In order to create a Choropleth map, we need a GeoJSON file that defines the areas/boundaries of the state, county, or country that we are interested in. In our case, since we are endeavoring to create a world map, we want a GeoJSON that defines the boundaries of all world countries. For your convenience, we will be providing you with this file, so let's go ahead and download it. Let's name it world_countries.json.

In [None]:
# download countries geojson file
! wget --quiet https://cf-courses-data.s3.us.cloud-object-storage.appdomain.cloud/IBMDeveloperSkillsNetwork-DV0101EN-SkillsNetwork/Data%20Files/world_countries.json
    
print('GeoJSON file downloaded!')

In [None]:
world_geo = r'https://cf-courses-data.s3.us.cloud-object-storage.appdomain.cloud/IBMDeveloperSkillsNetwork-DV0101EN-SkillsNetwork/Data%20Files/world_countries.json' # geojson file

# create a plain world map
world_map = folium.Map(location=[0, 0], zoom_start=2)

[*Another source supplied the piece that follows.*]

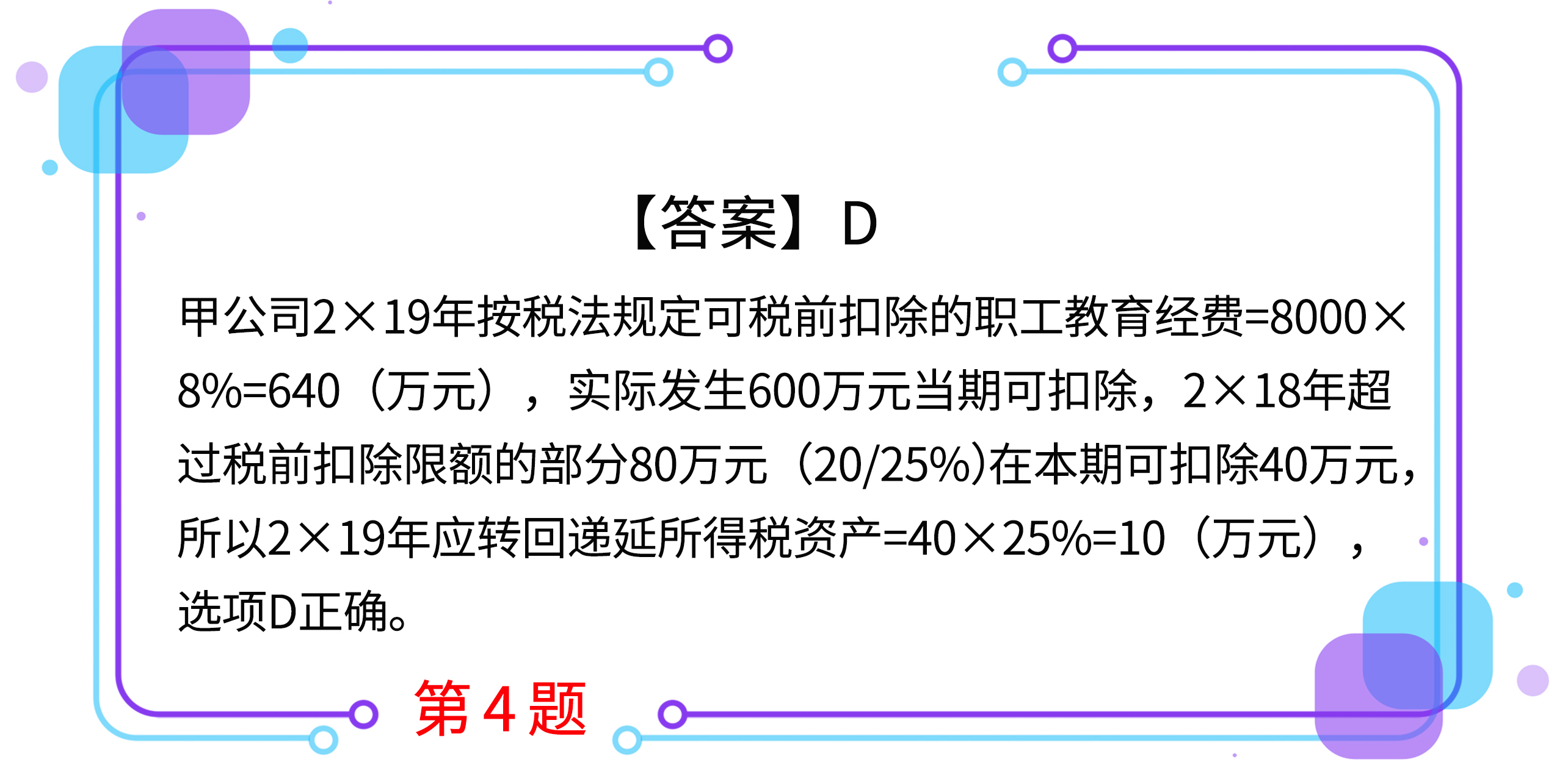 4.甲公司適用的所得稅稅率為25%。2×18年12月31日因職工教育經(jīng)費(fèi)超過稅前扣除限額確認(rèn)遞延所得稅資產(chǎn)20萬元;2×19年度,甲公司實(shí)際發(fā)生工資薪金支出為8000萬元,本期全部發(fā)放,發(fā)生職工教育經(jīng)費(fèi)600萬元。稅法規(guī)定,工資薪金按實(shí)際發(fā)放金額在稅前列支,企業(yè)發(fā)生的職工教育經(jīng)費(fèi)支出,不超過工資薪金總額8%的部分,準(zhǔn)予扣除;超過部分準(zhǔn)予在以后納稅年度結(jié)轉(zhuǎn)扣除。甲公司2×19年12月31日下列會計處理中正確的是(  )。

And now to create a `Choropleth` map, we will use the *choropleth* method with the following main parameters:

1. `geo_data`, which is the GeoJSON file.
2. `data`, which is the dataframe containing the data.
3. `columns`, which represents the columns in the dataframe that will be used to create the `Choropleth` map.
4. `key_on`, which is the key or variable in the GeoJSON file that contains the name of the variable of interest. To determine that, you will need to open the GeoJSON file using any text editor and note the name of the key or variable that contains the name of the countries, since the countries are our variable of interest. In this case, **name** is the key in the GeoJSON file that contains the name of the countries. Note that this key is case_sensitive, so you need to pass exactly as it exists in the GeoJSON file.


In [None]:
# generate choropleth map using the total immigration of each country to Canada from 1980 to 2013
world_map.choropleth(
    geo_data=world_geo,
    data=df_can,
    columns=['Country', 'Total'],
    key_on='feature.properties.name',
    fill_color='YlOrRd', 
    fill_opacity=0.7, 
    line_opacity=0.2,
    legend_name='Immigration to Canada',
    reset=True
)

# display map
world_map

As per our Choropleth map legend, the darker the color of a country and the closer the color to red, the higher the number of immigrants from that country. Accordingly, the highest immigration over the course of 33 years (from 1980 to 2013) was from China, India, and the Philippines, followed by Poland, Pakistan, and interestingly, the US.